* Description of the task:
What follows is a listing to transcribe exactly, leaving the pictures out.

* Recorded data:
□ □ □

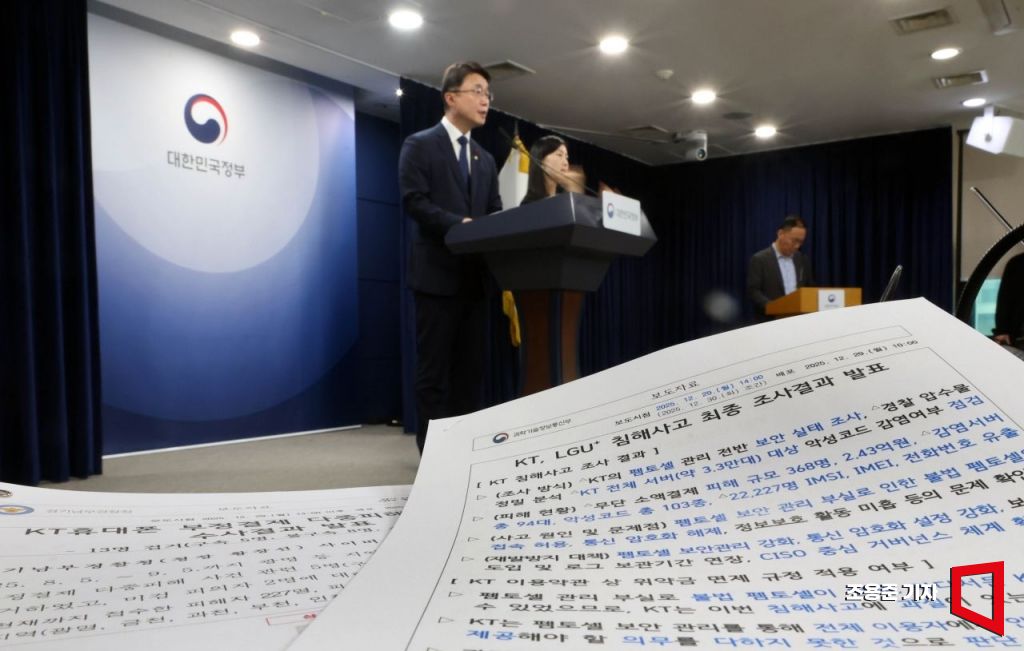 류제명 과학기술정보통신부 차관이 29일 서울 종로구 정부서울청사에서 KTㆍLGU+ 침해사고 조사 결과 관련 브리핑을 하고 있다.
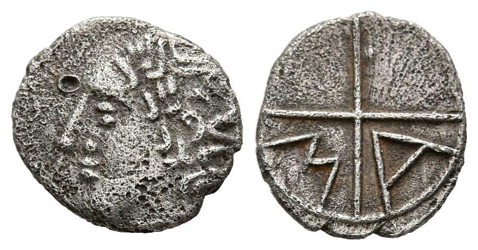 DIVISORES DE IMITACION DE MASSALIA. Trietartemorion. (Ar. 0,58g/10mm). 200-110 a.C. (FAB-1181). Anv: Cabeza masculina a izquierda. Rev: Rueda de cuatro ruedas, en el 3º y 4º cuadrante letras: M-A. MBC.
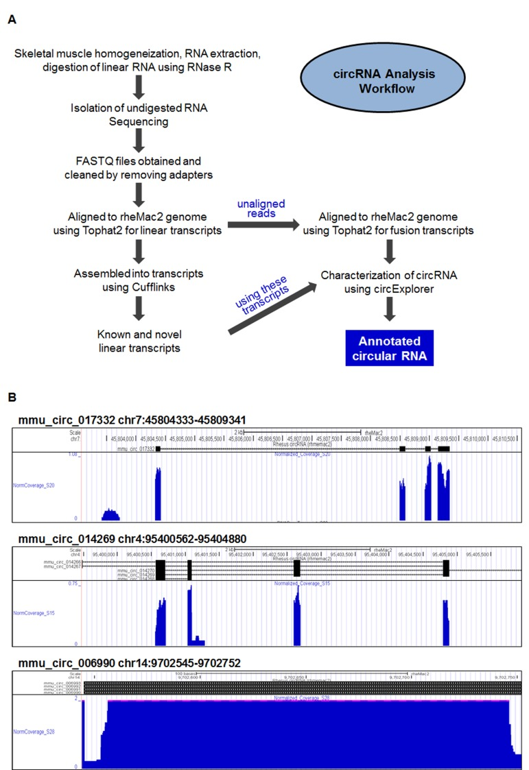 In summary, we have identified collections of circRNAs abundantly expressed in skeletal muscle tissues of Rhesus monkey. Among these, we have found subsets of circRNAs showing age-associated alterations in expression. Our results constitute a valuable resource for future studies aimed at identifying circRNAs displaying tissue-, species-, and age-dependent specificity. This report contributes to the exciting emergence of circular RNAs as versatile regulators of gene expression in biological and clinical frameworks, including muscle physiology and the age-related decline in muscle function.

□ □ □

* Answer space:
 류제명 과학기술정보통신부 차관이 29일 서울 종로구 정부서울청사에서 KTㆍLGU+ 침해사고 조사 결과 관련 브리핑을 하고 있다.
 DIVISORES DE IMITACION DE MASSALIA. Trietartemorion. (Ar. 0,58g/10mm). 200-110 a.C. (FAB-1181). Anv: Cabeza masculina a izquierda. Rev: Rueda de cuatro ruedas, en el 3º y 4º cuadrante letras: M-A. MBC.
 In summary, we have identified collections of circRNAs abundantly expressed in skeletal muscle tissues of Rhesus monkey. Among these, we have found subsets of circRNAs showing age-associated alterations in expression. Our results constitute a valuable resource for future studies aimed at identifying circRNAs displaying tissue-, species-, and age-dependent specificity. This report contributes to the exciting emergence of circular RNAs as versatile regulators of gene expression in biological and clinical frameworks, including muscle physiology and the age-related decline in muscle function.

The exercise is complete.